■ Task item: What is needed is a word-for-word copy of the listing below, without pictures.

■ Collected data:
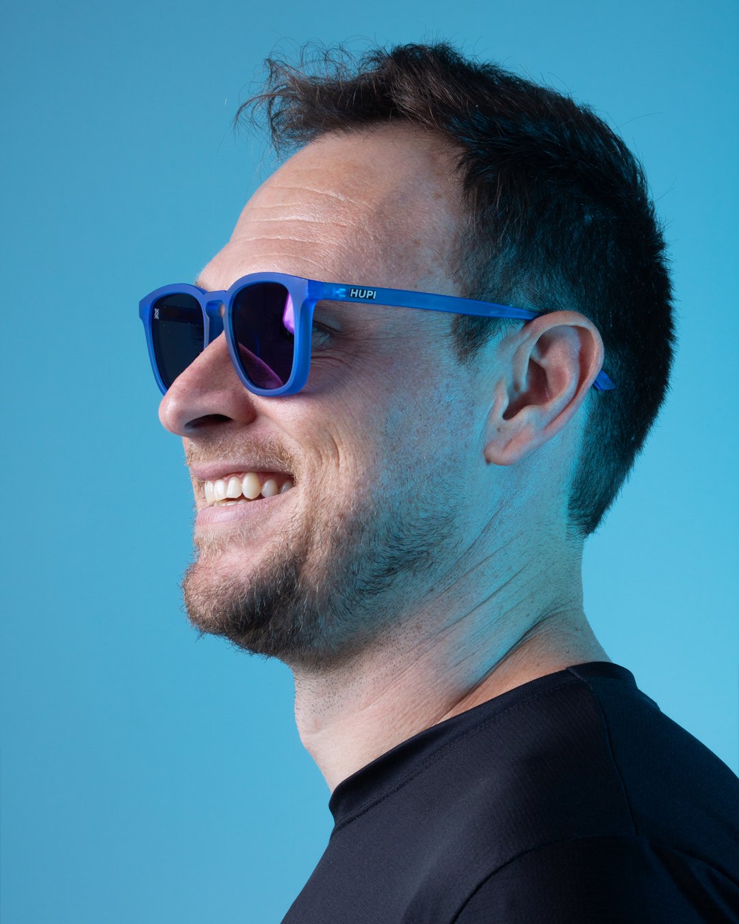 A estrutura do Óculos HUPI Rookie Azul Lente Azul Espelhado é produzida em policarbonato azul cristalizado, material reconhecido pela combinação entre resistência e baixo peso. Toda a armação e as hastes recebem acabamento soft touch, criando uma superfície emborrachada que melhora o contato com o rosto, reduz o deslizamento e aumenta a estabilidade durante a corrida e outras atividades em movimento.
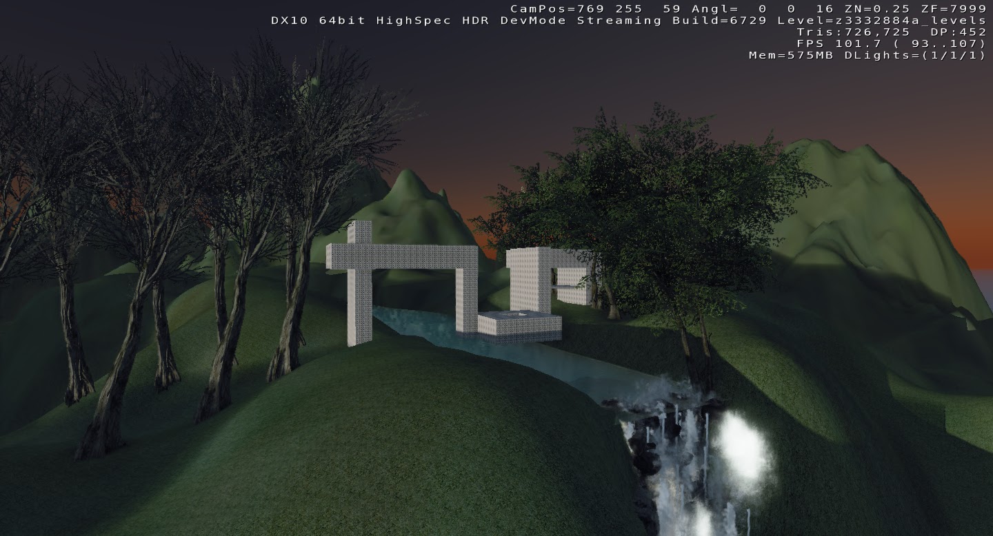 This was the beginning of a long process in attempting to create a waterfall. Also, the reason why there appears to be a thin sheet of something in the first Crysis image is because I could not manage to export my entire model from SketchUp. If anyone can help me that would be great!
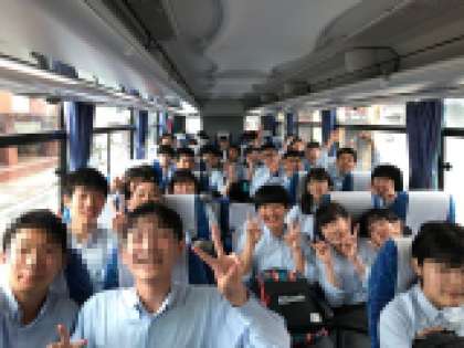 伊丹空港へ向かうバスの中は,笑顔が一杯です。

■ Exercise result:
 A estrutura do Óculos HUPI Rookie Azul Lente Azul Espelhado é produzida em policarbonato azul cristalizado, material reconhecido pela combinação entre resistência e baixo peso. Toda a armação e as hastes recebem acabamento soft touch, criando uma superfície emborrachada que melhora o contato com o rosto, reduz o deslizamento e aumenta a estabilidade durante a corrida e outras atividades em movimento.
 This was the beginning of a long process in attempting to create a waterfall. Also, the reason why there appears to be a thin sheet of something in the first Crysis image is because I could not manage to export my entire model from SketchUp. If anyone can help me that would be great!
 伊丹空港へ向かうバスの中は,笑顔が一杯です。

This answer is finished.